Preliminary agenda 23rd November - 4th December 2015
Sunday 22: arrival, evening ice-breaker
Quaternary palaeoecology: introduction. The palaeoecological record: types of deposits, and the archive of lake and bog sediments.
Practical - Site selection: use of maps, satellite images, air photographs and Google Earth. Collection of cores: coring equipment. Overview and download of computer programs: psimpoll, Ghostscript, Ghostview, BCal, Calib, Clam, Bacon, R, R-Studio, Google Earth.
Field work: retrieving a sediment sequence. Description of the catchment area and the basin: bathymetry, and the used of ground penetrating radar. Gravity and piston corers: collection of the water-sediment interface and coring. Russian corer for peat bogs. Transport and storage of samples.
Palaeoecology of the oceans: foraminifera and its application for reconstructing sea-surface temperature. Oxygen isotopes: stratigraphic markers. Earth's orbit variation, glaciations. Evolution in space and time: e.g. Globorotalia.
Overview of selected palaeoecological analyses: sedimentological and biological indicators (e.g. content of organic matter and carbonates, magnetic susceptibility, pollen, plant macrofossil remains, charcoal, ostracods and charophytes).
Practical - Core description and magnetic susceptibility analysis. Sub-sampling. Measure of organic matter and carbonate content by loss on ignition.
Long Quaternary terrestrial records with multiple glacial-interglacial oscillations: e.g. (i) Funza, Bogotá-Colombia; (ii) Tenaghi Philippon, north-eastern Greece; (iii) Lynch's crater, Queensland-Australia; (iv) Monticchio, south Italy; (v) Ioannina, north-western Greece. Variability on the vegetation responses. Correlation of terrestrial long-cores with marine records, and with isolated interglacial periods.
Pollen: principles of pollen analysis. Pollen diagrams. Pollen sums. Databases.
Practical - data presentation introduction to psimpoll. Description of laboratory techniques and preparation procedures.
Global Quaternary palaeoecology: key sites for the last glacial-interglacial transition. Forcing factors for vegetation and environmental change: e.g. fire in Patagonia, soil in Hungary, climate variability in Sahara. Packrat middens. Glacial-interglacial transition in the tropics.
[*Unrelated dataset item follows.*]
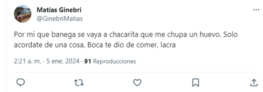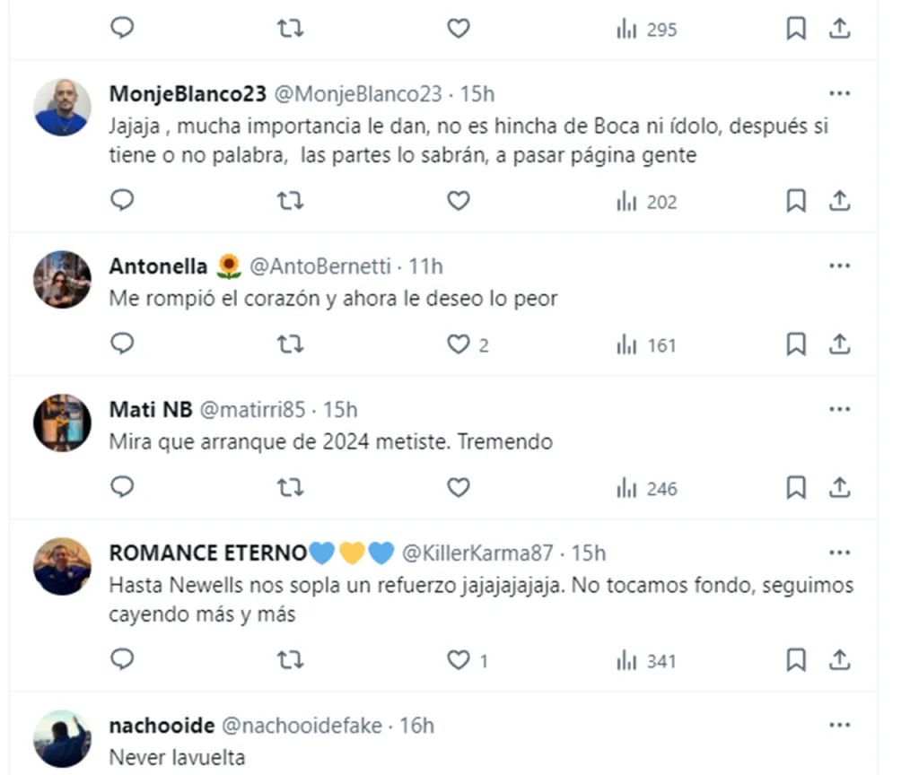 “Por mí que Banega se vaya a Chacarita. Me chupa un huev*. Solo acordate de una cosa: Boca te dio de comer, lacra”, le recriminó un hincha. “Román, Tevez, Gago… Son un caso aparte. Suerte, Banega. Gracias por no venir”, expresó otro. “Banega necesitaba promocionarse. Usó la camiseta de Boca y se fue a Newell’s. Tan sencillo como eso”, destacó uno más.

Practical - Pollen (cont.): Pollen counting: calculating percentages and confidence intervals.
Palaeogenetics, molecular clocks and aDNA
Pollen (cont.): Interpretation of pollen diagrams: pollen production, dispersal and transport to basins; pollen taphonomy and preservation. Vegetation changes during glacial and interglacial periods.
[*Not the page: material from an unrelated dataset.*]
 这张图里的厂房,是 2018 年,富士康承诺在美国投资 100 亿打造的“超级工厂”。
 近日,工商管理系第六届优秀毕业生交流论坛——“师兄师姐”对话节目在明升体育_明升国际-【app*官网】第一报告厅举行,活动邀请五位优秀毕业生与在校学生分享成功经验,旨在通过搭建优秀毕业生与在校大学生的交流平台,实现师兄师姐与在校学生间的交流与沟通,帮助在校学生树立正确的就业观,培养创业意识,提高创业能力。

Practical - Introduction to Tilia.
Refugia: origins and definition. Types of refugia: altitudinal, cryptic, tropical and Holocene refugia. Fossil and molecular evidence. The role of mid-latitudes. Species responses.
Establishing the chronology: radiocarbon dating, radiocarbon ages and terminology. Dating the recent past with 14C.
Practical - Calibration and calibration curves, age estimators. Calibration programs: BCal, CALIB y CALIBomb.
Communities: historical thinking Darwin, Clements, Gleason. Evidence from the palaeorecord: variable behaviour, non-analogue communities. Vegetation maps in North America and Europe. Intermingled fauna. Turnover.
Age-depth models: construction, selection and pitfalls. Calculating concentration and accumulation rates: errors and confidence intervals.
Practical - Calibration and age-depth models: construction, selection and pitfalls.
Plant migration. Movement of taxa on long-timescales. Pollen evidence for migration on glacial-interglacial timescales. Rates of migrations. Factors that enable migration.
Practical - Reservoir effect and correction of 14C ages. Age-depth models using clam and Bacon.
Quaternary extinctions. Tree extinctions, large vertebrates, historical extinctions. Causes.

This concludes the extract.